Write out the full set of records exactly. Any pictures in them do not belong in the copy.

◆ ◆ ◆

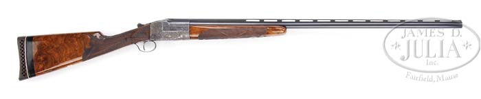 *EXTREMELY SCARCE ITHACA FLUES GRADE 7 SINGLE BARREL TRAP GUN. SN 270474-T. Cal. 12 ga. 34″ bbl with matted tapered vent rib, dual ivory sighting beads, 2-3/4″ chamber, FULL choke, ejector and sgl trigger. Flat sides of bbl chamber area and across the top are oak leaf and acorn engraved with a fine stippled background. A ribbon on left side is engraved “Ithaca Gun Co.” and on right side “Ithaca, N.Y.” The very elaborately engraved sgl bbl receiver is very detailed oak leaf and acorn pattern with stippled background, 2 gold ducks in flight and 2 gold cattails on left side, a gold eagle with shield and clutching arrows on bottom, and 2 gold pheasants on right side. Above gold eagle in ribbon is marked “Made in / U.S.A.” Triggerbow is engraved with oak leaf and acorn pattern and has a gold bust of an elk’s head. Mounted with extremely figured walnut, fluer de lis checkered side panels, fluer de lis checkered straight grip with ribbons, a 5/8″ ebony spacer, Pachmeyer vented trap pad, blank gold initial shield, checkered beavertail forend with fluer de lis, ribbons and triangular ebony tipped insert. Bore diameter: .728. Bore restrictions: .030. Wall thickness: .049. Drop at heel: 2-1/16″, drop at comb: 1-7/16″. Weight: 8 lbs. 9 oz. LOP 14-3/4″. CONDITION: Fine, bbl retains 90-95% orig blue with minor nicks and scrapes, some minor muzzle wear and a faint rub line caused by forend. Receiver is clean and shows case coloring in protected areas but is mostly a pleasing silver patina finish. Stock is sound with a nicely restored checkering, a few minor nicks and scratches and retains a fine hand rubbed, probably factory restored finish with some very fine crazing lines. Forend is sound with only a few minor nicks and scratches, restored checkering and retains most of a probably factory restored finish. Mechanics are crisp, made without safety, strong ejector and nice shiny bore. 4-37494 BDT41 (7,500-9,500)
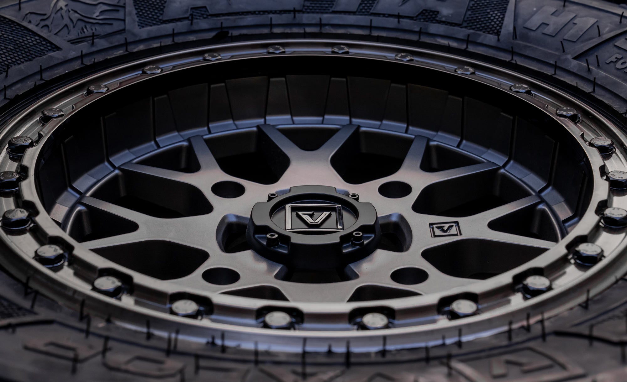 The V07 beadlock wheel is available in satin black and satin graphite finishes. The center cap on both finishes is satin black. Please note that the center cap logo varies with wheel finish selection. The V07 billet beadlock ring comes out of the box in a gloss black paint finish. All Installation hardware is gloss black.
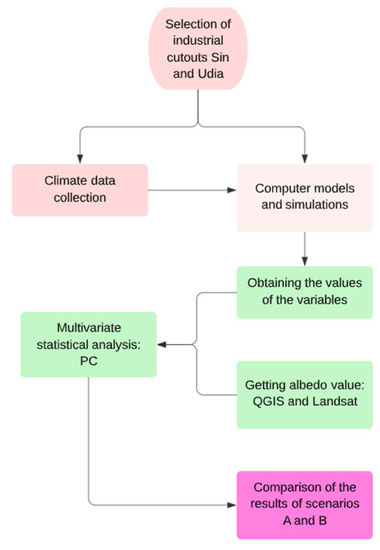 This study is a useful tool to identify the most important variables for the industrial microclimate of two different cities. In future research, we intend to carry out measurements in situ to verify if the conclusions obtained through the simulations are confirmed and to expand the study to other types of LCZs. Since the albedo of the Sintra roofs and sidewalks was responsible for raising the albedo of the cutout as a whole, it is proposed to increase the albedo of Udia roofs by applying acrylic paint with high reflectivity and installing sidewalks with higher albedo. Such changes are expected to have a positive impact on decreasing the AT in the Udia UI, as in the Sintra UI, although it lacks demonstration.
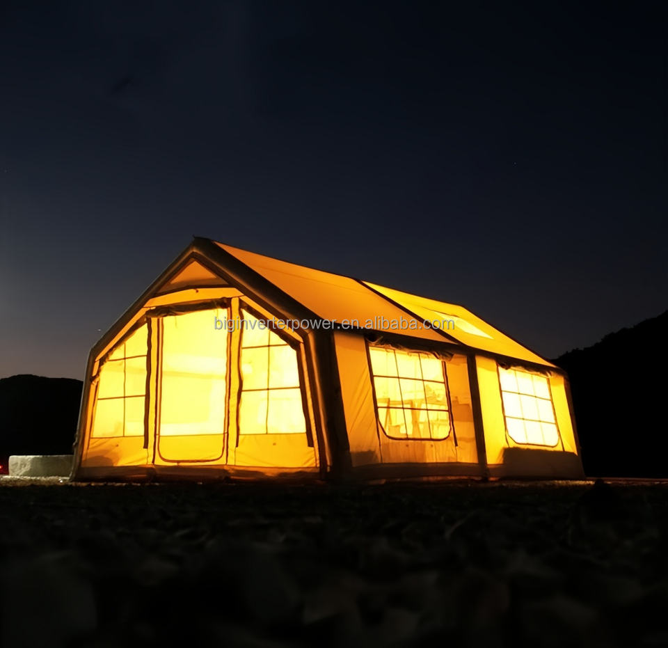 Carpa inflable familiar de dos dormitorios y una sala de estar, de doble capa, de tela Oxford, equipo de camping para glamping al aire libre.
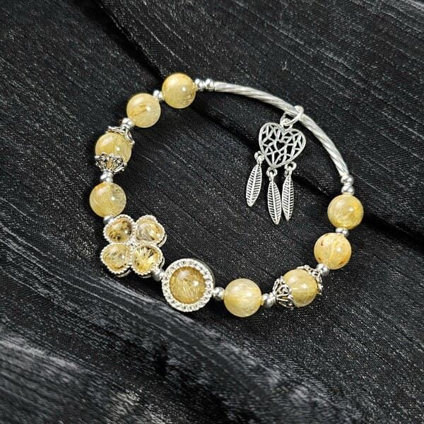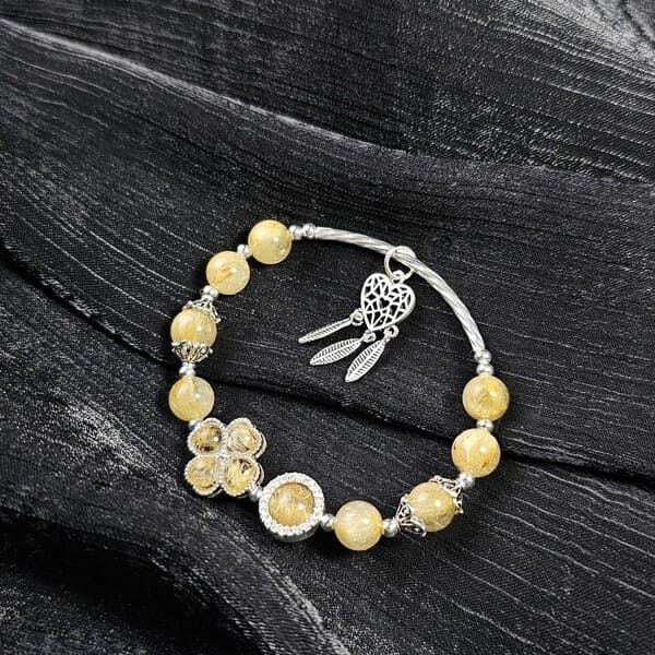 Vòng Tay Cỏ 4 Lá Thạch Anh Tóc Vàng Mix Charm Bạc là sự kết hợp hoàn hảo giữa vẻ đẹp tinh tế của cỏ 4 lá, năng lượng may mắn của Thạch Anh Tóc Vàng và sự sang trọng của Charm Bạc.

◆ ◆ ◆

■ **Task output**
 *EXTREMELY SCARCE ITHACA FLUES GRADE 7 SINGLE BARREL TRAP GUN. SN 270474-T. Cal. 12 ga. 34″ bbl with matted tapered vent rib, dual ivory sighting beads, 2-3/4″ chamber, FULL choke, ejector and sgl trigger. Flat sides of bbl chamber area and across the top are oak leaf and acorn engraved with a fine stippled background. A ribbon on left side is engraved “Ithaca Gun Co.” and on right side “Ithaca, N.Y.” The very elaborately engraved sgl bbl receiver is very detailed oak leaf and acorn pattern with stippled background, 2 gold ducks in flight and 2 gold cattails on left side, a gold eagle with shield and clutching arrows on bottom, and 2 gold pheasants on right side. Above gold eagle in ribbon is marked “Made in / U.S.A.” Triggerbow is engraved with oak leaf and acorn pattern and has a gold bust of an elk’s head. Mounted with extremely figured walnut, fluer de lis checkered side panels, fluer de lis checkered straight grip with ribbons, a 5/8″ ebony spacer, Pachmeyer vented trap pad, blank gold initial shield, checkered beavertail forend with fluer de lis, ribbons and triangular ebony tipped insert. Bore diameter: .728. Bore restrictions: .030. Wall thickness: .049. Drop at heel: 2-1/16″, drop at comb: 1-7/16″. Weight: 8 lbs. 9 oz. LOP 14-3/4″. CONDITION: Fine, bbl retains 90-95% orig blue with minor nicks and scrapes, some minor muzzle wear and a faint rub line caused by forend. Receiver is clean and shows case coloring in protected areas but is mostly a pleasing silver patina finish. Stock is sound with a nicely restored checkering, a few minor nicks and scratches and retains a fine hand rubbed, probably factory restored finish with some very fine crazing lines. Forend is sound with only a few minor nicks and scratches, restored checkering and retains most of a probably factory restored finish. Mechanics are crisp, made without safety, strong ejector and nice shiny bore. 4-37494 BDT41 (7,500-9,500)
 The V07 beadlock wheel is available in satin black and satin graphite finishes. The center cap on both finishes is satin black. Please note that the center cap logo varies with wheel finish selection. The V07 billet beadlock ring comes out of the box in a gloss black paint finish. All Installation hardware is gloss black.
 This study is a useful tool to identify the most important variables for the industrial microclimate of two different cities. In future research, we intend to carry out measurements in situ to verify if the conclusions obtained through the simulations are confirmed and to expand the study to other types of LCZs. Since the albedo of the Sintra roofs and sidewalks was responsible for raising the albedo of the cutout as a whole, it is proposed to increase the albedo of Udia roofs by applying acrylic paint with high reflectivity and installing sidewalks with higher albedo. Such changes are expected to have a positive impact on decreasing the AT in the Udia UI, as in the Sintra UI, although it lacks demonstration.
 Carpa inflable familiar de dos dormitorios y una sala de estar, de doble capa, de tela Oxford, equipo de camping para glamping al aire libre.
 Vòng Tay Cỏ 4 Lá Thạch Anh Tóc Vàng Mix Charm Bạc là sự kết hợp hoàn hảo giữa vẻ đẹp tinh tế của cỏ 4 lá, năng lượng may mắn của Thạch Anh Tóc Vàng và sự sang trọng của Charm Bạc.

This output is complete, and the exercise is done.